The document suggests that venture capital groups and rating agencies should also face a battery of government regulators.

"The issue posed by the present crisis is crystal clear: How can we restore strong, competitive, innovative financial markets to support global economic growth without once again risking a breakdown in market functioning so severe as to put the world economies at risk?" Volcker said in a statement. "We hope that our proposals, which explicitly relate to the weaknesses that have become evident in the financial system over the last year, will be a useful contribution to the debate about needed reforms both by private financial institutions and by public authorities."

The proposal suggests that the U.S. government should clarify the status of mortgage giants Fannie Mae and Freddie Mac, either making them into government agencies or regulating them as independent mortgage brokers.

The plan's recommendations for greater international cooperation on regulation and the creation of new laws to oversee exotic financial derivatives echo similar calls from major world leaders made during an emergency economic summit in Washington on Nov. 15. With cautious support by President Bush, plans are moving forward, for instance, to enhance international cooperation in overseeing major banks. But European leaders have eagerly awaited a signal from Obama about what his plan for creating a new set of rules for the global financial system might look like.

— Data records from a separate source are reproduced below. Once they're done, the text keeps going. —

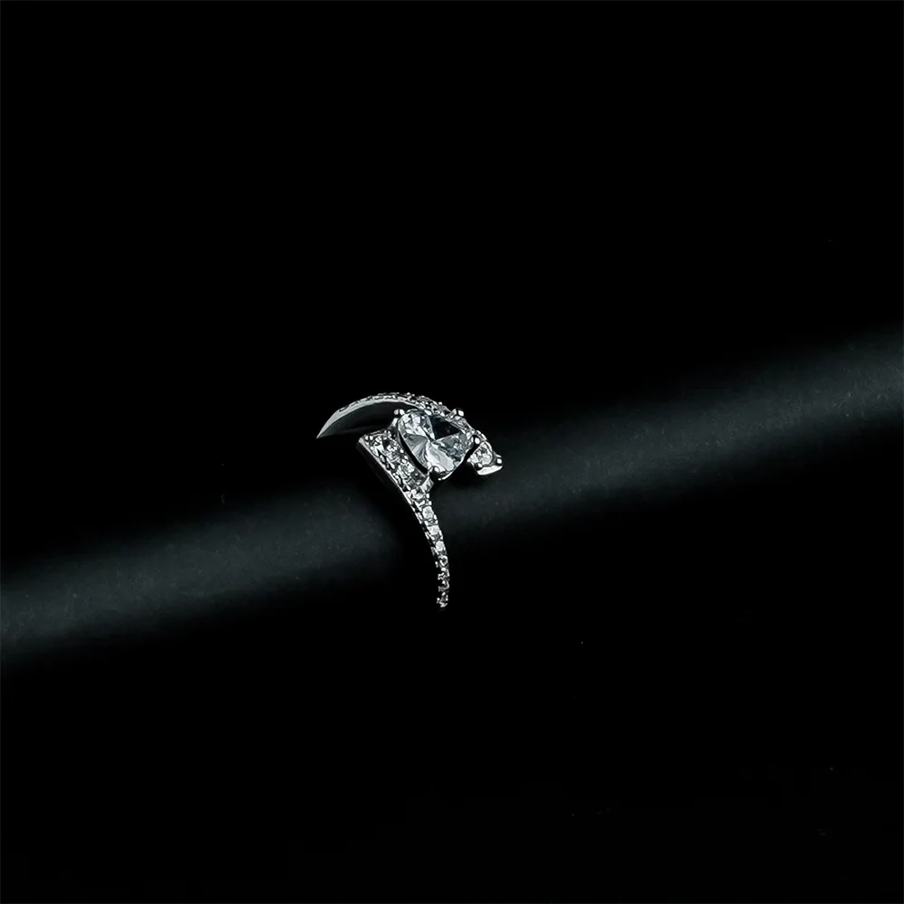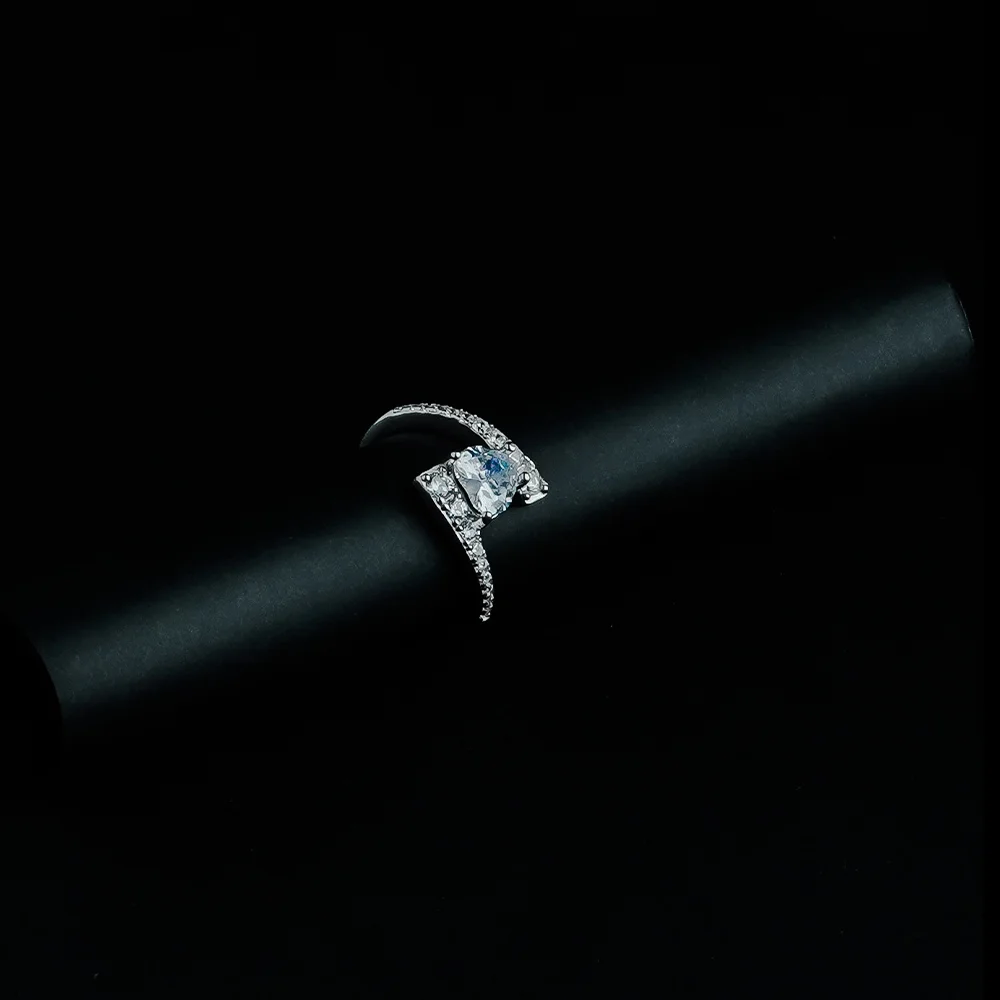This elegant and modern ring features a dynamic design in a polished silver-tone metal. The focal point is a brilliant heart-cut solitaire stone set slightly off-center. The band splits as it reaches the center stone, with one side of the band elegantly paved with accent stones, creating a beautiful, asymmetrical wrap.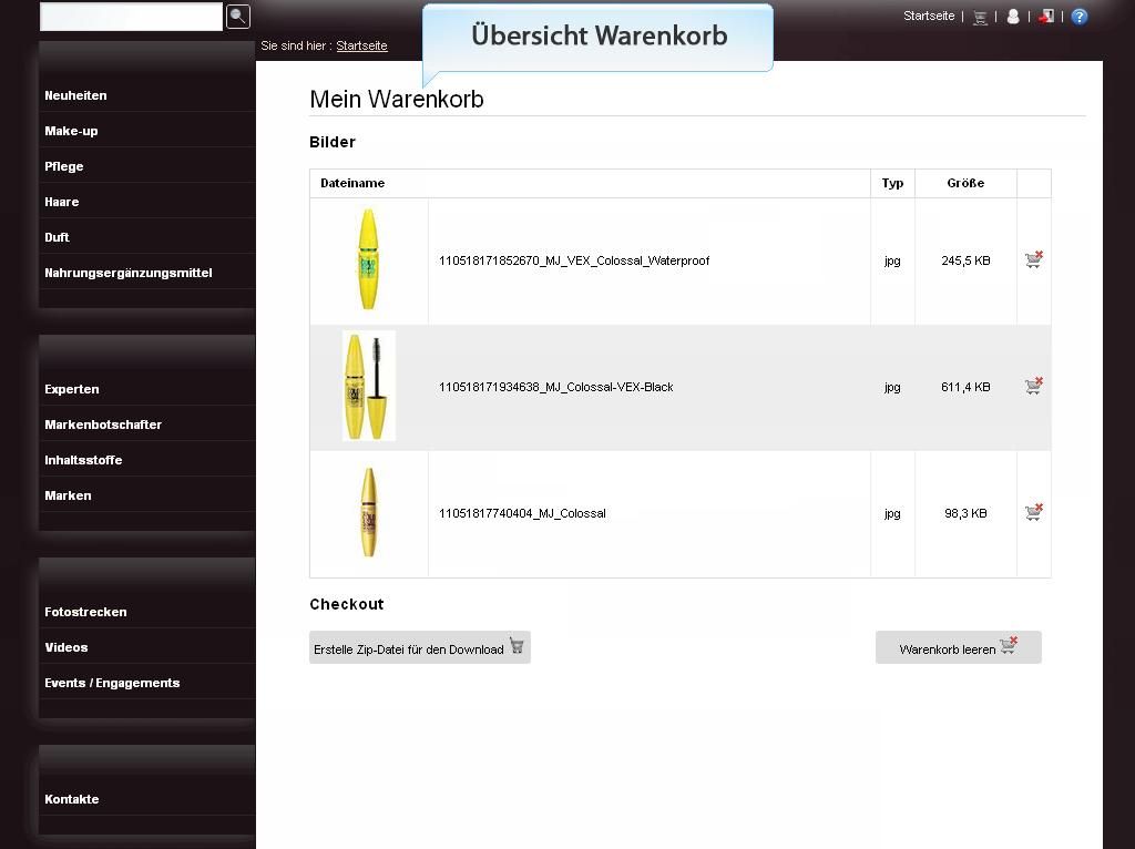 Den Warenkorb nutzen Sie, indem Sie eine Detailansicht (z.B. ein Produkt oder eine Fotostrecke) öffnen. Fügen Sie den gewünschten Inhalt dann mit Klick auf das Warenkorbsymbol zum Warenkorb hinzu.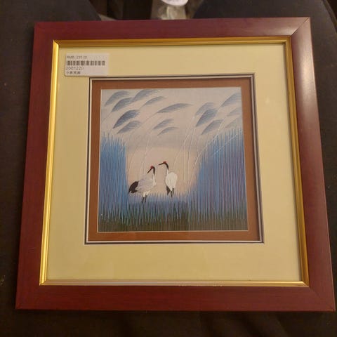 Dette er et brodert tranemaleri fra Suzhou i Kina, som er kjent for sine broderte bilder. 23*23cm. RMB 235 på bilde 4 er kinesisk valuta omgjort til 326 NOK.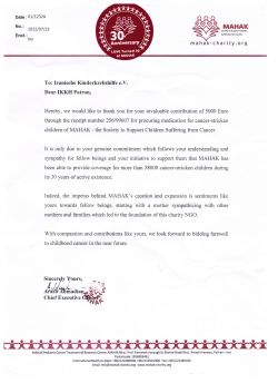Bisher haben wir mit der Unterstützung durch unsere Spender diese Einnahmen erzielen können: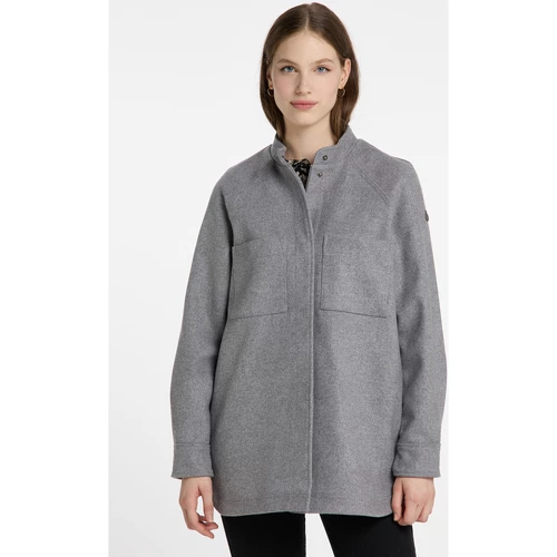 Dieser grau melierte Kurzmantel von DreiMaster Vintage lehnt an ein oversized Hemd an, das mit Druckknöpfen verschlossen wird und über einen kleinen Stehkragen verfügt. Die sportlich anmutenden Raglanärmel lockern das Design auf und setzen einen lässigen Twist. Das locker fallende Design mit kleinen Seitenschlitzen und abgerundetem Saum besteht aus einem mittelschweren Materialmix mit Wollanteil und wird von zwei seitlichen Eingrifftaschen sowie zwei Brusttaschen komplettiert.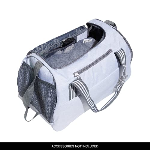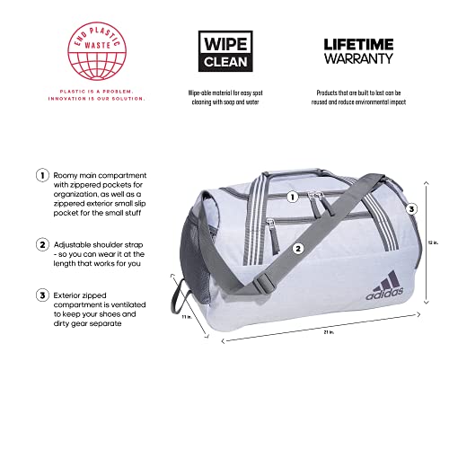 Details: This adidas duffel bag is designed for the gym, team travel or a weekend away. it has a roomy main compartment with inner zip pockets. a ventilated shoe garage keeps wet or muddy items separate. a mesh pocket at the other end holds your water bottle.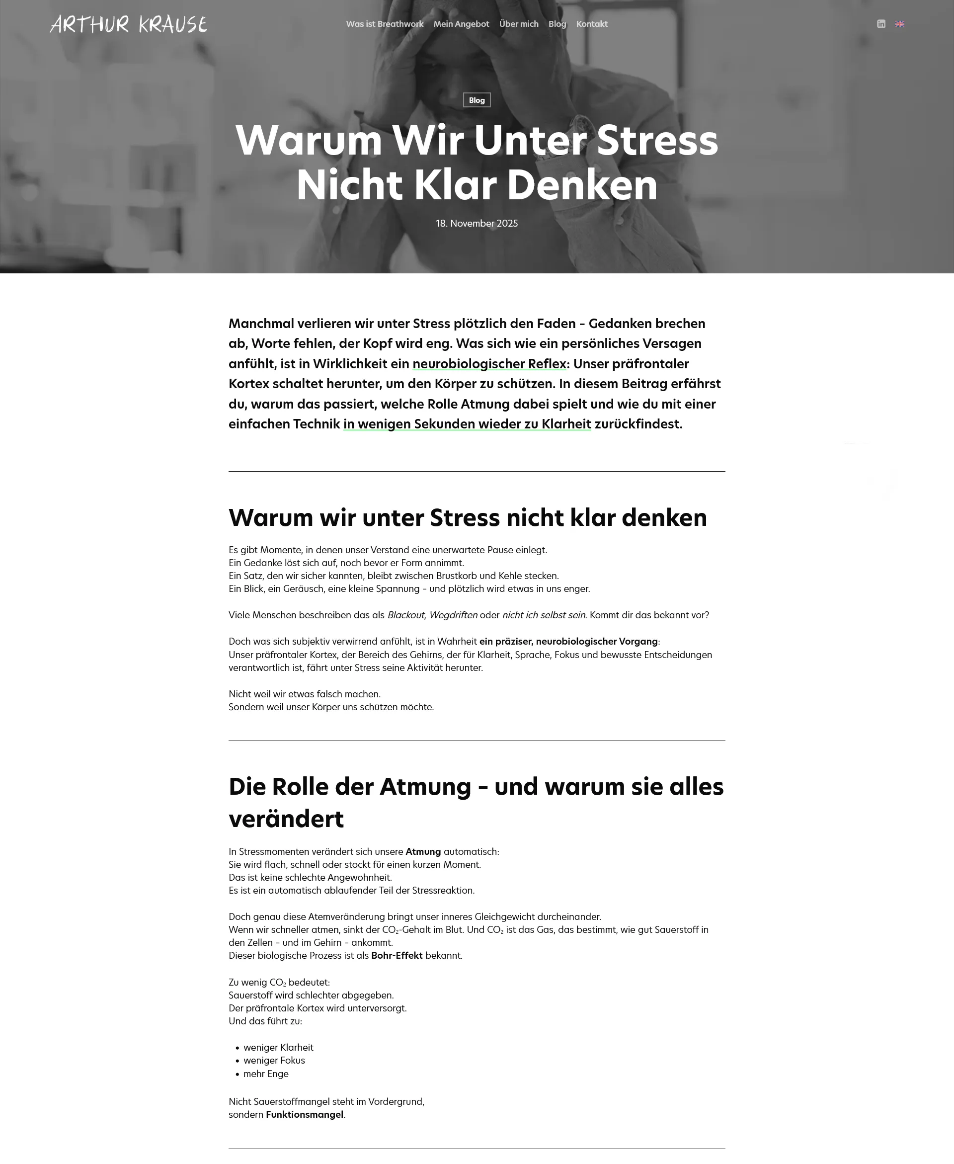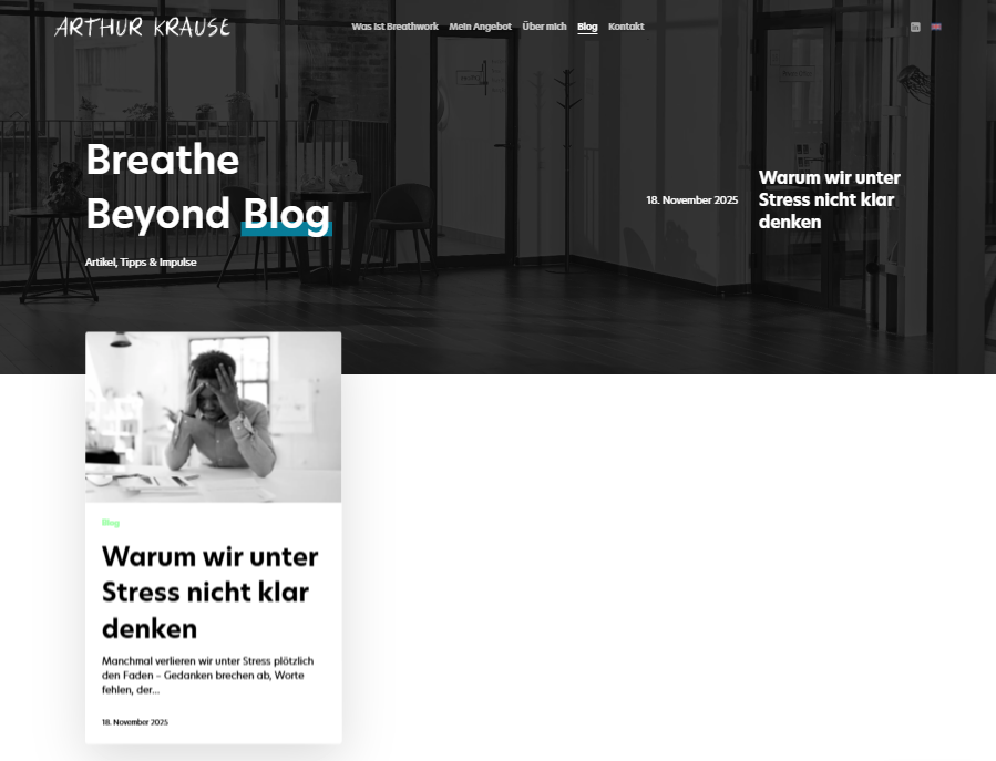 Für den Kunden Arthur Krause haben wir einen zweisprachigen Onepager realisiert, der sich bewusst vom klassischen Breathwork-Look abhebt. Mit einem modernen, jungen Design setzt die Seite starke visuelle Akzente. Neben dem Onepager bietet die Website eine Blogsektion für aktuelle Themen und Inhalte.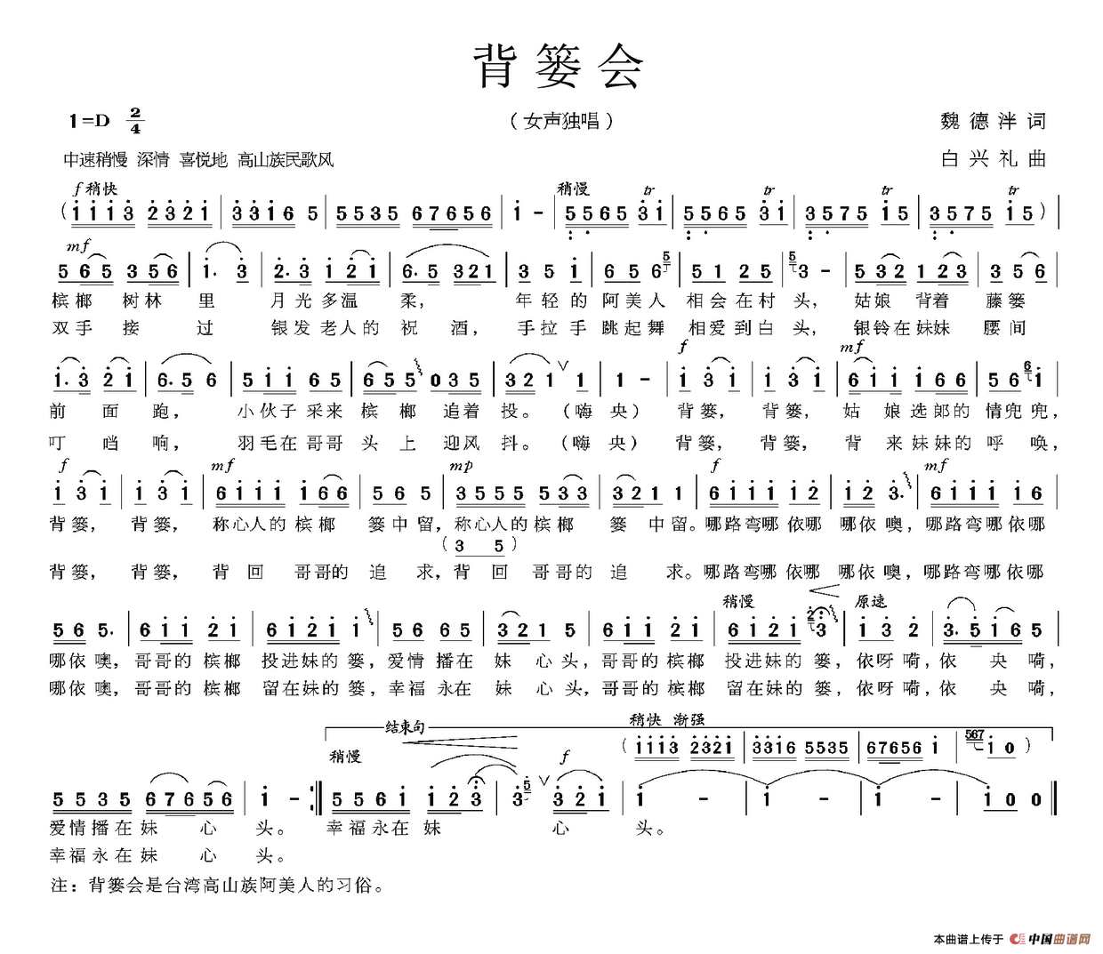 关于《背篓会》曲谱的评论

It remains unclear how many of the recommendations will ultimately make their way into Obama's final plan, but the proposal could lift the spirits of Europeans who have called for stricter government oversight on executives' pay and risk management in financial institutions — an area where the Bush administration has offered only tepid support. The report calls for government to enforce systematic board-level reviews for executive pay and the creation of new parameters for a firm's risk tolerance.